> Data for the task

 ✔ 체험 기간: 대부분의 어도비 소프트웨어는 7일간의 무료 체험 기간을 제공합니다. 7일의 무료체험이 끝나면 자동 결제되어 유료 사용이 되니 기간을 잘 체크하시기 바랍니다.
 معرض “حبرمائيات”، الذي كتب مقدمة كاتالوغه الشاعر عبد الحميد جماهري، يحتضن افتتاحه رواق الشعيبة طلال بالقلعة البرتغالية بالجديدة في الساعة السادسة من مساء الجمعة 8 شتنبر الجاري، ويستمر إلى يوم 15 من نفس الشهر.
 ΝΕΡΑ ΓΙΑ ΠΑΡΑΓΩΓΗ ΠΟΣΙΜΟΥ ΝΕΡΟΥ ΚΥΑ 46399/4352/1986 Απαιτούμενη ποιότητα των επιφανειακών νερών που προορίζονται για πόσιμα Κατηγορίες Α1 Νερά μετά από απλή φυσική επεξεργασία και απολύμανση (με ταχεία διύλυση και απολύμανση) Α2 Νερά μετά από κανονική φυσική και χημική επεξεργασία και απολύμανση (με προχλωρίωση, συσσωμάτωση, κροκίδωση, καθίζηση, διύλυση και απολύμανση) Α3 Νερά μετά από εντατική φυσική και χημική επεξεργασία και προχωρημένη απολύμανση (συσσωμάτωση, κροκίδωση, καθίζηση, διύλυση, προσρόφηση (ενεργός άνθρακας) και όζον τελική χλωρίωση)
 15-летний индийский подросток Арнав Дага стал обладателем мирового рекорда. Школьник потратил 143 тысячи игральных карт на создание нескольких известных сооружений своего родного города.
==
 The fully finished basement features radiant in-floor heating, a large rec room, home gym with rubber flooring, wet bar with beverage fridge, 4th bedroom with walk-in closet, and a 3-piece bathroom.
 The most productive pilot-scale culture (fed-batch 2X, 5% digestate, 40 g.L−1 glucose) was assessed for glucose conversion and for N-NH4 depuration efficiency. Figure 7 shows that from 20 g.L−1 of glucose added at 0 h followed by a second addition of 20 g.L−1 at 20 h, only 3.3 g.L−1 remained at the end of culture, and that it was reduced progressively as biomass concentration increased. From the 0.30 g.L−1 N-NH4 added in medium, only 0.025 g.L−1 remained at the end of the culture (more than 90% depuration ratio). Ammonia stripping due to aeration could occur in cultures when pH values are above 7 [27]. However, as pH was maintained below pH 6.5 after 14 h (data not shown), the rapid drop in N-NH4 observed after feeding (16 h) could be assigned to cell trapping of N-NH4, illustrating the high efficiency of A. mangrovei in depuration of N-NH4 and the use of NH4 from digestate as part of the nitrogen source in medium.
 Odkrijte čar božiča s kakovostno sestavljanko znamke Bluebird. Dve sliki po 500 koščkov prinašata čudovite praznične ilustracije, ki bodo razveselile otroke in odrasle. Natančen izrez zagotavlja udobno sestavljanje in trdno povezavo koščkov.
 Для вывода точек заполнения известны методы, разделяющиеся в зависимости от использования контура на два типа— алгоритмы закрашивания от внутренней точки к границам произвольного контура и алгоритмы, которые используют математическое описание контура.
--
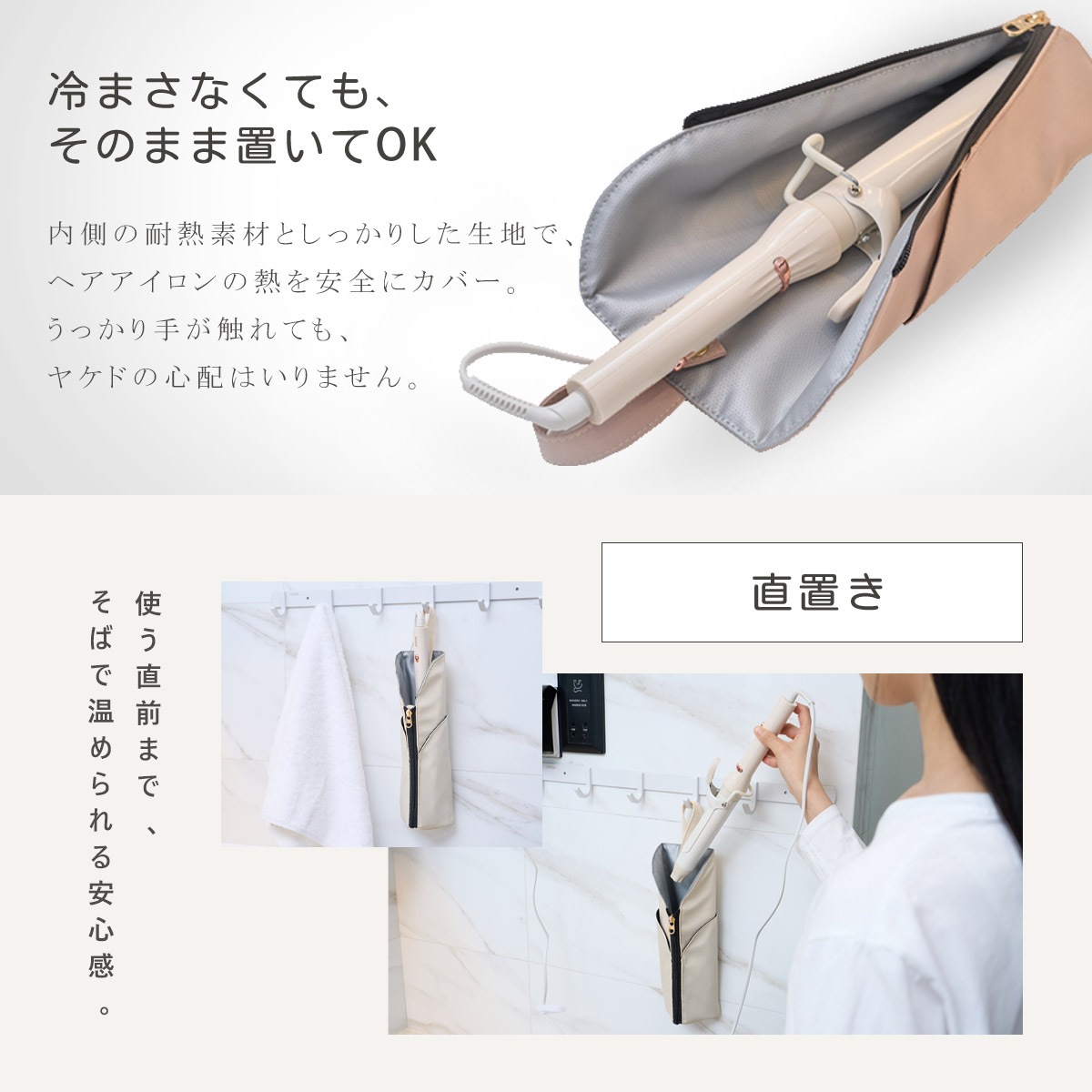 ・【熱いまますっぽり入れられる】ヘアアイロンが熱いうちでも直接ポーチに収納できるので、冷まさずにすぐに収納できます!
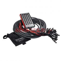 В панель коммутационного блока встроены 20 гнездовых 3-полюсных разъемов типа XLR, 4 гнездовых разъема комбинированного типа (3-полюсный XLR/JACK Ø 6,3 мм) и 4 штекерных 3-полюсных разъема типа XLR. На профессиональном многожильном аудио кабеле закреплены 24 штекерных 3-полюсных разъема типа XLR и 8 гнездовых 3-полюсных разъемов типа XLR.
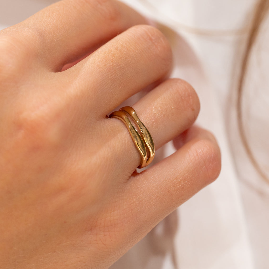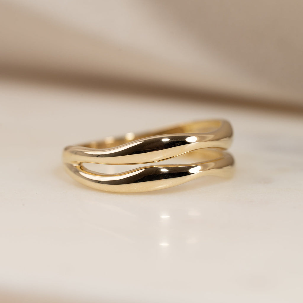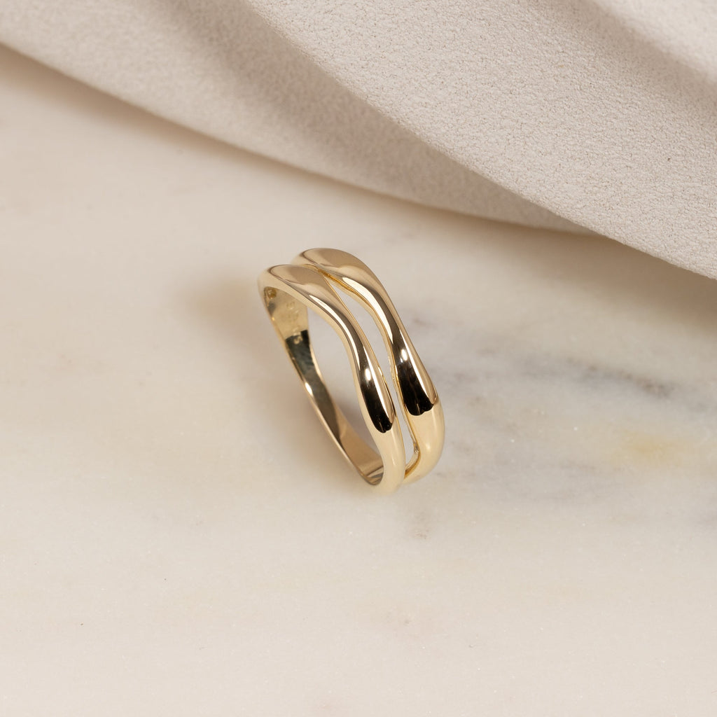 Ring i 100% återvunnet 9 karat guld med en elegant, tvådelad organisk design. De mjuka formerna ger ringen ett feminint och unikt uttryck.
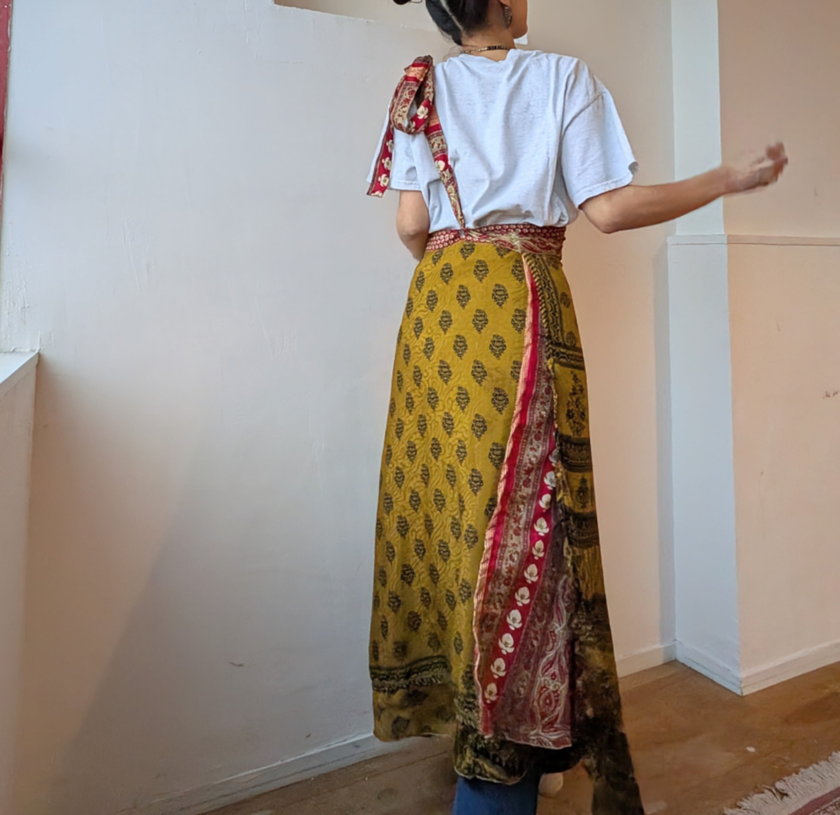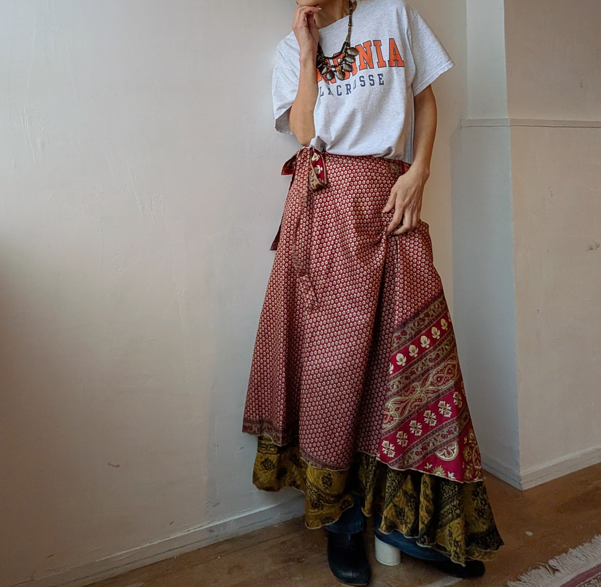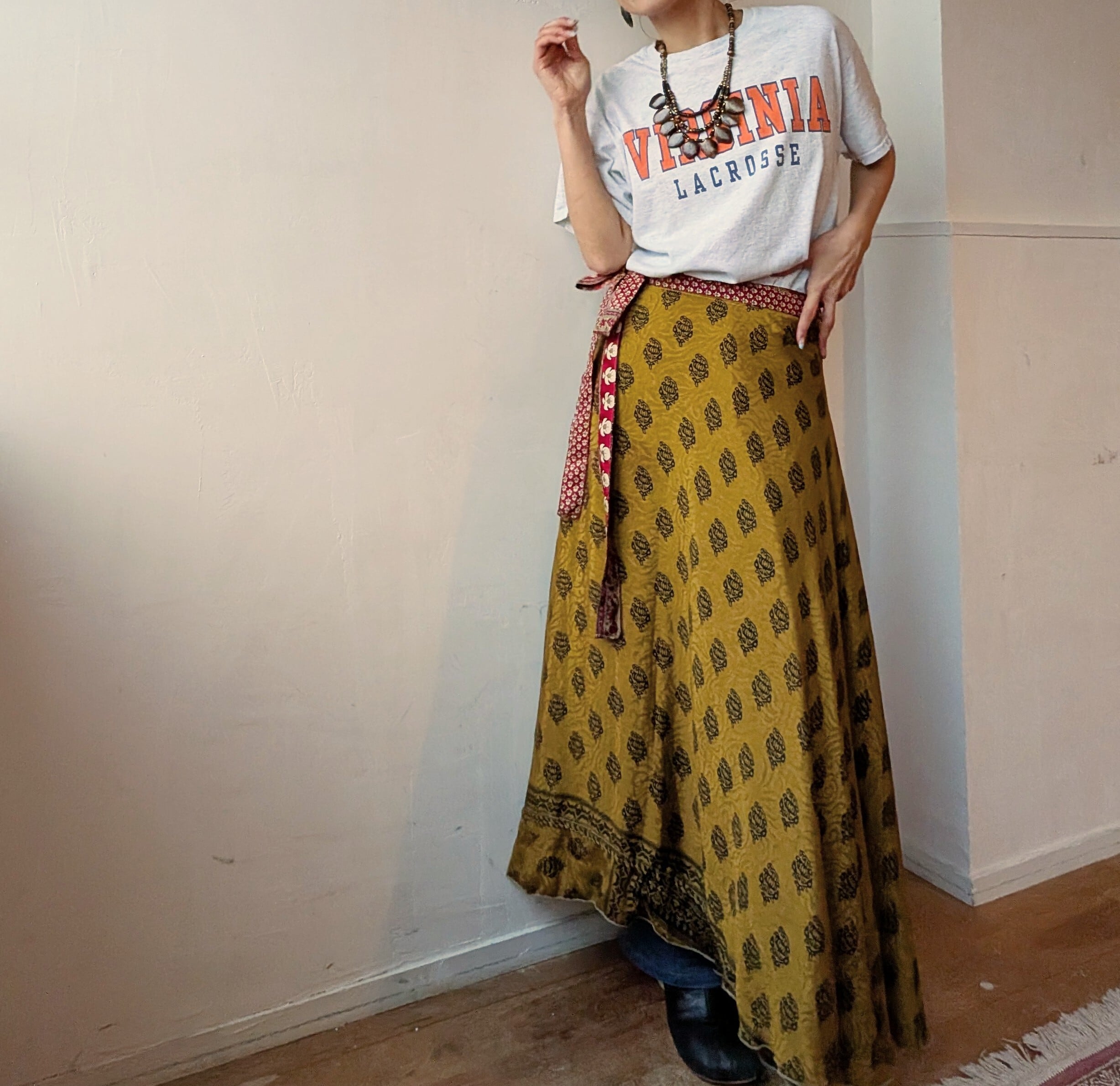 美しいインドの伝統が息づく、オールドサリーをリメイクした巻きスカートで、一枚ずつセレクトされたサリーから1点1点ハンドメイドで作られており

> Problem details
Only the lines above from the one with "잘 체크하시기 바랍니다." up to and including the one with "من نفس الشهر." should be repeated, exactly as written.

> Your response
 ✔ 체험 기간: 대부분의 어도비 소프트웨어는 7일간의 무료 체험 기간을 제공합니다. 7일의 무료체험이 끝나면 자동 결제되어 유료 사용이 되니 기간을 잘 체크하시기 바랍니다.
 معرض “حبرمائيات”، الذي كتب مقدمة كاتالوغه الشاعر عبد الحميد جماهري، يحتضن افتتاحه رواق الشعيبة طلال بالقلعة البرتغالية بالجديدة في الساعة السادسة من مساء الجمعة 8 شتنبر الجاري، ويستمر إلى يوم 15 من نفس الشهر.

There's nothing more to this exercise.